[Python-Dev] Documenting Python's float.__str__()

2020-01-20 Thread Karl O. Pinc
Hello,

There appears to be extremely minimal documentation on how floats are
formatted on output.  All I really see is that float.__str__() is
float.__repr__().  So that means that float->str->float does not
result in a different value.

It would be nice if the output format for float was documented, to the
extent this is possible.  #python suggested that I propose a patch,
but I see no way to write a documentation patch without having any
clue about what Python promises, whether in the CPython implementation
or as part of a specification for Python.

What are the promises Python makes about the str() of a float?  Will
it produce 1.0 today and 1.0e0 or +1.0 tomorrow?  When is the result
in exponential notation and when not?  Does any of this depend on the
underlying OS or hardware or Python implementation?  Etc.

I'm guessing that Python is consistent with an IEEE 754
"external character sequence", but don't know what the IEEE
specification says or whether python conforms.

I don't really care whether there's documentation for __str__() or
__repr__() or something else.  I'm just thinking that there should be
some way to guarantee a well defined "useful" float output formatting.
By "useful" I mean in exponential notation when non-exponential
notation is over-long.

I am writing a program that sometimes prints python floats and want to
be able to document what is printed.  Right now I can't truly
guarantee anything, other than the nan and inf and -inf
representations.  (I feel comfortable with nan and the like because I
don't see it likely that their representations will change.)  Of
course I could always re-implement Python's float.__repr__() in Python
so as to have full control, but this should be pointless.  Python's
output representation is unlikely to change and Python should be able
to make sufficient promises about its existing float representation.

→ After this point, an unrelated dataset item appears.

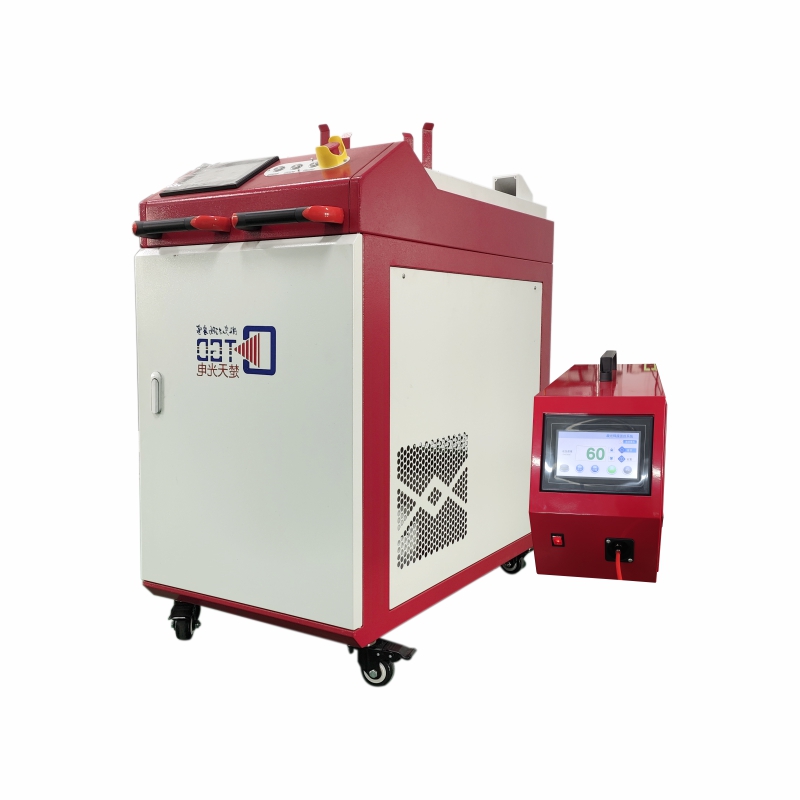 手持式焊接機(jī)采用高功率光纖激光器做為激光發(fā)射源。焊接機(jī)主要組成部分有:激光器(含光纖)、激光焊接頭、控制器、冷水機(jī)等。運(yùn)用手持激光焊接頭進(jìn)行運(yùn)動(dòng),同時(shí)配置雙溫雙控冷水機(jī),低溫水為激光器降溫使用,高溫水為光纖及焊接頭降溫使用。

I suppose there are similar issues with integers, but the varieties of
floating point number implementations and the existence of both
exponential and non-exponential representations make float
particularly problematic and representations potentially mercurial.

I also don't know if documentation changes with regard to external
representations would require a PEP.

I have found the following related information:

Use shorter float repr when possible
https://bugs.python.org/issue1580

https://github.com/python/cpython/blob/master/Python/pystrtod.c#L831

String conversion and formatting
https://docs.python.org/3/c-api/conversion.html

sys.float_repr_style
https://docs.python.org/3/library/sys.html#sys.float_repr_style

object.__str__(self)
https://docs.python.org/3/reference/datamodel.html#object.__str__

At the end of the day I don't _really_ care.  But having put thought
into the matter I care enough to write this email and ask the
question.

Regards,

Karl 
Free Software:  "You don't pay back, you pay forward."
 -- Robert A. Heinlein
___
Python-Dev mailing list -- python-dev@python.org
To unsubscribe send an email to python-dev-le...@python.org
https://mail.python.org/mailman3/lists/python-dev.python.org/
Message archived at 
https://mail.python.org/archives/list/python-dev@python.org/message/FV22TKT3S2Q3P7PNN6MCXI6IX3HRRNAL/
Code of Conduct: http://python.org/psf/codeofconduct/


[Python-Dev] Re: Documenting Python's float.__str__()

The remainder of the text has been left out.